Available records >>
-- Opening Marker --
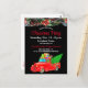 La sencillez de una postal es una forma estupenda de enviar invitaciones de fiesta para Navidades. Una divertida camioneta roja, llena de regalos revueltos, un árbol de Navidad, luces colgantes y un perro tonto, pasa por la nieve voladora. La parte superior de la tarjeta está decorada con un borde de follaje estacional: poinsettia, bayas y "campanas plateadas" entrelazadas con luces blancas El fondo es negro, y la información de la invitación es de un sencillo blanco, excepto para "Fiestas Navidades" y los nombres de los anfitriones en un guión rojo. El texto está en dos tipos de letra, un tipo de letra pequeño distinto y un tipo de letra de guión. Ambas fuentes se utilizan en la parte posterior, que es un formato típico de postal. Se puede imprimir la dirección de retorno y un mensaje personal, dejando sólo el área de dirección en blanco. Su nombre y "Por favor, entrega a:" están en rojo, y la otra información en negro. Es un asunto sencillo sustituir los detalles de su fiesta por nuestros marcadores de posición. Haga clic en "Personalizar" para comenzar.
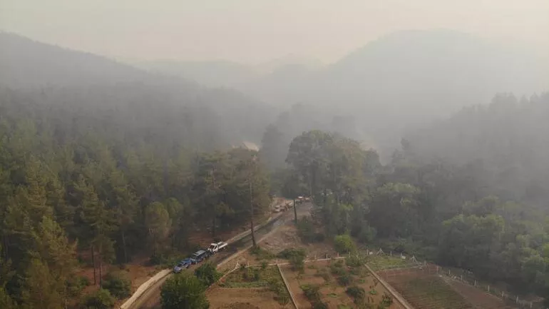 Marmaris'te ormanlık alanda çıkan yangınla mücadele son sürat devam ediyor. Orman işçileri ve itfaiye ekipleri, gece boyunca yangına karadan müdahale etti. Sabah erken saatlerde ise havadan müdahale yeniden başladı. Bördübet mevkisindeki yangının duman ve külleri rüzgarın etkisiyle ilçe merkezine kadar geldi. Asparan mevkisinden ilçe merkezine gelen yol trafiğe kapatıldı. İlçe merkezine ulaşım İçmeler Mahallesi'nden sağlanıyor. Yangın nedeniyle Datça-Marmaris karayolu da trafiğe kapatıldı. İşte Marmaris yangınında dakika dakika yaşanan gelişmeler...
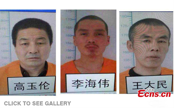 Gao, 50, was in the jail while his death penalty for homicide was being reviewed. Wang, 35, was awaiting his sentence on the charge of intentional injury. Li, 29, was awaiting his sentence for homicide.
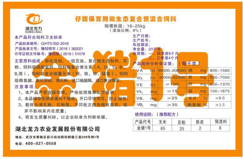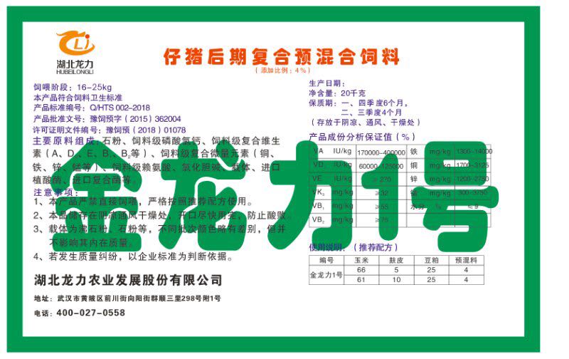湖北龍力農(nóng)業(yè)發(fā)展股份有限公司坐落于武漢市黃陂區(qū)前川街向陽街群順三里298號(hào)附1號(hào)。公司成立于2014年6月,公司自成立以來把“創(chuàng)全球最大養(yǎng)豬綜合服務(wù)”為企業(yè)愿景。致力于打造教保料品牌”作為公司發(fā)展的明確目標(biāo)。公司一直致力于豬營(yíng)養(yǎng)的研究和開發(fā),積極與國(guó)內(nèi)外高校和科研機(jī)構(gòu)合作,推廣養(yǎng)豬技術(shù)、動(dòng)物營(yíng)養(yǎng)新概念,向世界農(nóng)牧企業(yè)學(xué)習(xí)與合作。公司采用國(guó)內(nèi)先進(jìn)的生產(chǎn)工藝,選擇高精度電子配料秤,高均勻度、無殘留混合機(jī)等先進(jìn)設(shè)備....
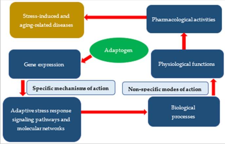 Overall, adaptogens trigger pleiotropic genes, molecular mechanisms, and cellular signaling pathways that mediate adaptive and defense responses, resulting in multitarget modes of action simultaneously and, therefore, in nonspecific pleiotropic pharmacological activity.
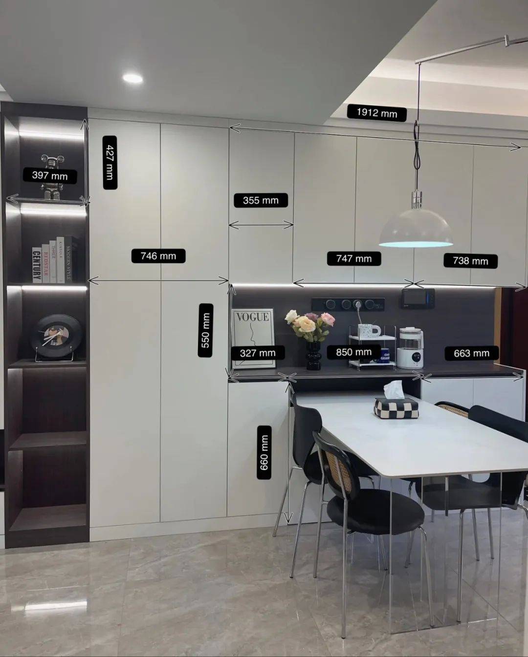 ✔ 廚房小,收納空間可以借用餐邊柜分擔廚房收納;
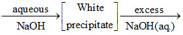 Zn2+ + 2OH- → Zn(OH)2↓ (white) ; Zn(OH)2 + 2OH- → [Zn(OH)4]2-.
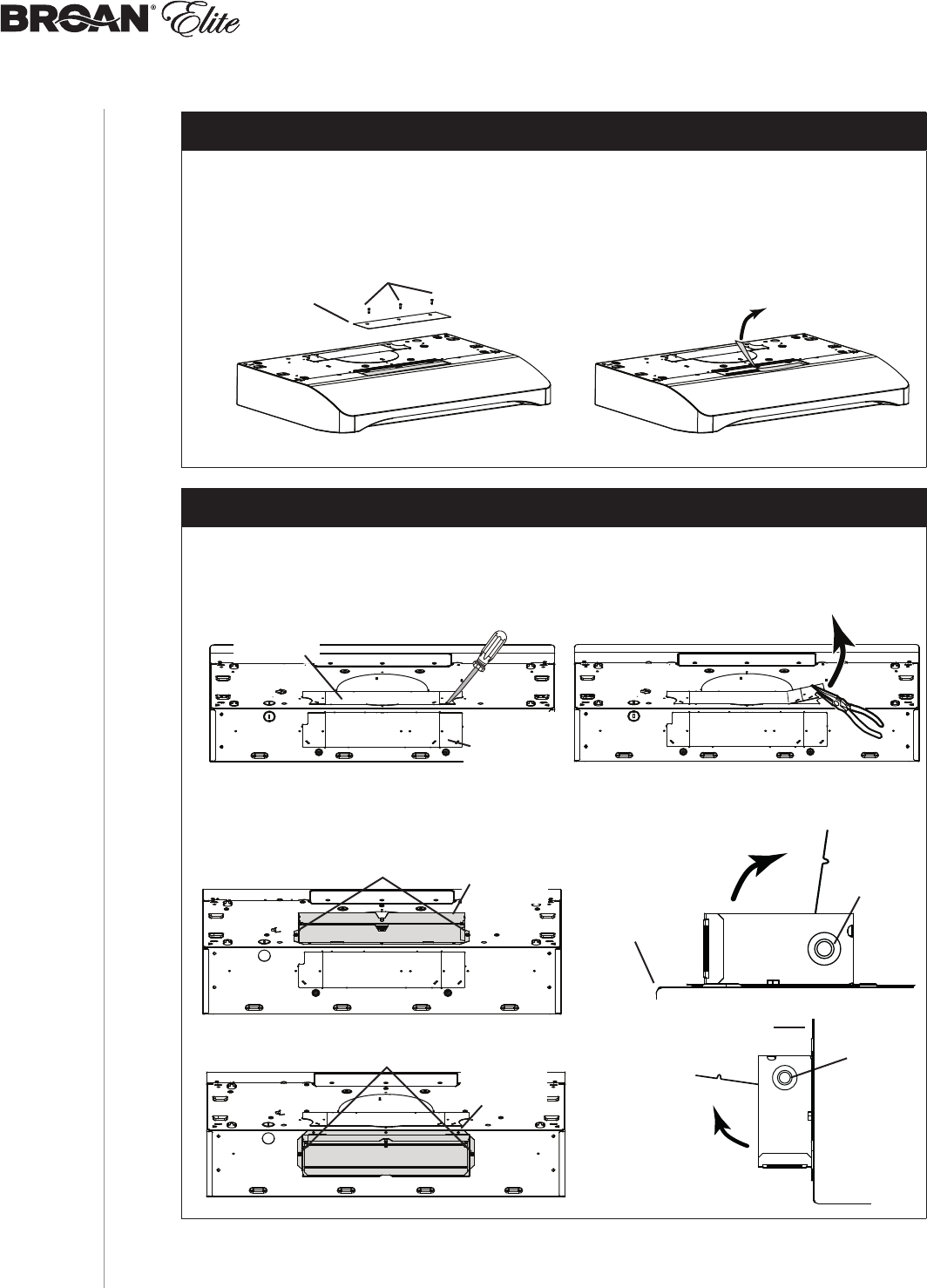 9 ] Attach 3¼” x 14” Damper Assembly on top OR back of hood over the knockout opening.
-- Closing Marker --
What you should do >> Please print the data above once more, exactly as it appears, with no pictures.

Expected answer >>
 La sencillez de una postal es una forma estupenda de enviar invitaciones de fiesta para Navidades. Una divertida camioneta roja, llena de regalos revueltos, un árbol de Navidad, luces colgantes y un perro tonto, pasa por la nieve voladora. La parte superior de la tarjeta está decorada con un borde de follaje estacional: poinsettia, bayas y "campanas plateadas" entrelazadas con luces blancas El fondo es negro, y la información de la invitación es de un sencillo blanco, excepto para "Fiestas Navidades" y los nombres de los anfitriones en un guión rojo. El texto está en dos tipos de letra, un tipo de letra pequeño distinto y un tipo de letra de guión. Ambas fuentes se utilizan en la parte posterior, que es un formato típico de postal. Se puede imprimir la dirección de retorno y un mensaje personal, dejando sólo el área de dirección en blanco. Su nombre y "Por favor, entrega a:" están en rojo, y la otra información en negro. Es un asunto sencillo sustituir los detalles de su fiesta por nuestros marcadores de posición. Haga clic en "Personalizar" para comenzar.
 Marmaris'te ormanlık alanda çıkan yangınla mücadele son sürat devam ediyor. Orman işçileri ve itfaiye ekipleri, gece boyunca yangına karadan müdahale etti. Sabah erken saatlerde ise havadan müdahale yeniden başladı. Bördübet mevkisindeki yangının duman ve külleri rüzgarın etkisiyle ilçe merkezine kadar geldi. Asparan mevkisinden ilçe merkezine gelen yol trafiğe kapatıldı. İlçe merkezine ulaşım İçmeler Mahallesi'nden sağlanıyor. Yangın nedeniyle Datça-Marmaris karayolu da trafiğe kapatıldı. İşte Marmaris yangınında dakika dakika yaşanan gelişmeler...
 Gao, 50, was in the jail while his death penalty for homicide was being reviewed. Wang, 35, was awaiting his sentence on the charge of intentional injury. Li, 29, was awaiting his sentence for homicide.
湖北龍力農(nóng)業(yè)發(fā)展股份有限公司坐落于武漢市黃陂區(qū)前川街向陽街群順三里298號(hào)附1號(hào)。公司成立于2014年6月,公司自成立以來把“創(chuàng)全球最大養(yǎng)豬綜合服務(wù)”為企業(yè)愿景。致力于打造教保料品牌”作為公司發(fā)展的明確目標(biāo)。公司一直致力于豬營(yíng)養(yǎng)的研究和開發(fā),積極與國(guó)內(nèi)外高校和科研機(jī)構(gòu)合作,推廣養(yǎng)豬技術(shù)、動(dòng)物營(yíng)養(yǎng)新概念,向世界農(nóng)牧企業(yè)學(xué)習(xí)與合作。公司采用國(guó)內(nèi)先進(jìn)的生產(chǎn)工藝,選擇高精度電子配料秤,高均勻度、無殘留混合機(jī)等先進(jìn)設(shè)備....
 Overall, adaptogens trigger pleiotropic genes, molecular mechanisms, and cellular signaling pathways that mediate adaptive and defense responses, resulting in multitarget modes of action simultaneously and, therefore, in nonspecific pleiotropic pharmacological activity.
 ✔ 廚房小,收納空間可以借用餐邊柜分擔廚房收納;
 Zn2+ + 2OH- → Zn(OH)2↓ (white) ; Zn(OH)2 + 2OH- → [Zn(OH)4]2-.
 9 ] Attach 3¼” x 14” Damper Assembly on top OR back of hood over the knockout opening.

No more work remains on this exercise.